NOW, THEREFORE, IN CONSIDERATION of the premises and other good and
valuable consideration, the receipt and sufficiency of which are hereby
acknowledged, the parties hereto agree as follows:
1. Defined Terms. Capitalized terms used herein but not otherwise
defined herein shall have the meanings provided to such terms in the Credit
Agreement.
2. Amendments.
(a) The definition of "Required Lenders" in Section 1.01 of the Credit
Agreement is amended to read as follows:
"Required Lenders" means, at any time, (a) if at such time a
Lender holds more than twenty-five percent (25%) of the Credit
Exposure, a majority of the number of Lenders, and (b) if at such time
no Lender holds more than twenty-five percent (25%) of the Credit
Exposure, Lenders whose aggregate Credit Exposure constitutes more than
fifty percent (50%) of the Credit Exposure of all Lenders at such time;
provided, however, that if any Lender shall be a Defaulting Lender at
such time then there shall be excluded from the determination of
Required Lenders the Credit Exposure of such Lender at such time. As
used in the preceding sentence, the term "Credit Exposure" as applied
to each Lender means (a) at any time prior to the termination of the
Revolving Commitments, the sum of the amount of such Lender's Revolving
Commitment plus such Lender's outstanding Term Loans or (b) if the
Revolving Commitments have been terminated, the sum of such Lender's
outstanding Revolving Loans plus such Lender's outstanding Term Loans
plus such Lender's participation interests L/C Obligations and Swing
Line Loans.
(b) Clause (i) of the definition of "Outstanding Amount" in Section
1.01 of the Credit Agreement is amended to read as follows:
(i) with respect to any Revolving Loans or Swingline Loans on
any date, the aggregate outstanding principal amount thereof after
giving effect to any borrowings and prepayments or repayments of any
such Loans occurring on such date;
(c) In Section 2.05(b)(iv), the reference in the last line thereof to
"clause (vi) below" is amended to read "clause (v) below".

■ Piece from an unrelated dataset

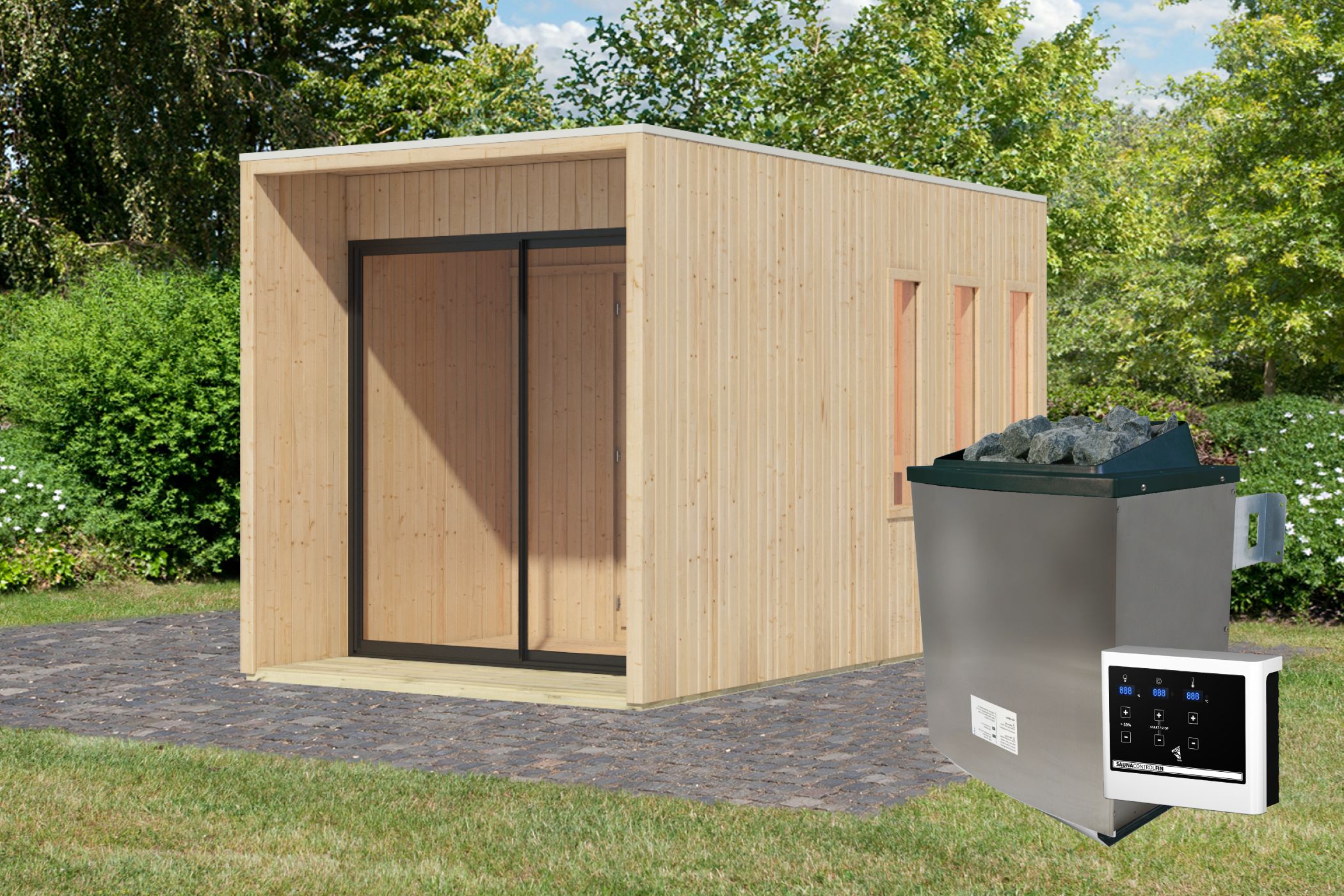 This depends, among other things, on the size of your garden sauna. You can find a detailed overview with additional information worth knowing in our selection guide for the right sauna heater.

(d) Section 2.05(b)(v)(B) of the Credit Agreement is amended to read as
follows:
(B) with respect to all amounts prepaid pursuant to Section
2.05(b)(ii), (iii) and (iv), (1) if such prepayment occurs prior to or
on January 22, 2004, first to the Tranche B Term Loan (to the remaining
principal amortization payments in inverse order of maturity), then
(after the Tranche B Term Loan has been paid in full) to the Revolving
Loans and Swing Line Loans (but without any reduction in the Aggregate
Revolving Commitments) and then (after all Revolving Loans and all
Swing Line Loans have been repaid) to Cash Collateralize L/C
Obligations (but without any reduction in the Aggregate Revolving
Commitments) and (2) if such prepayment occurs after January 22, 2004,
first to the Tranche B Term Loan (to the remaining principal
amortization payments in inverse order of maturity), then (after the
Tranche B Term Loan has been paid in full) to the Tranche A Term Loan
(to the remaining principal amortization payments in inverse order of
maturity), then (after the Tranche A Term Loan has been paid in full)

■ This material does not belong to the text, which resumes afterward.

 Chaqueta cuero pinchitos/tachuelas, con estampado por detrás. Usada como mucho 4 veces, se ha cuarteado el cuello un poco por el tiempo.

to the Revolving Loans and Swing Line Loans (but without any reduction
in the Aggregate Revolving Commitments) and then (after all Revolving
Loans and all Swing Line Loans have been repaid) to Cash Collateralize
L/C Obligations (but without any reduction in the Aggregate Revolving
Commitments).
(e) Clauses "Second" and "Fourth" of Section 9.03 of the Credit
Agreement is amended to read as follows:
Second, to payment of that portion of the Obligations constituting
fees, indemnities and other amounts (other than principal and
interest) payable to the Lenders (including Attorney Costs and
amounts payable under Article III and including fees payable under
Swap Contracts between any Loan Party and any Lender or Affiliate
of a Lender), ratably among them in proportion to the amounts
described in this clause Second payable to them;
Fourth, to payment of that portion of the Obligations constituting
unpaid principal of the Loans and L/C Borrowings and all amounts
due and payable under Swap Contracts between any Loan Party and any
Lender or Affiliate of a Lender and to Cash Collateralize that
portion of L/C Obligations comprised of the aggregate undrawn
amount of Letters of Credit, ratably among the Lenders in
proportion to the respective amounts described in this clause
Fourth held by them; and
(f) In the first sentence of Section 11.07(b) of the Credit Agreement,
clause (ii) thereof is deleted in its entirety and clauses (iii) and (iv)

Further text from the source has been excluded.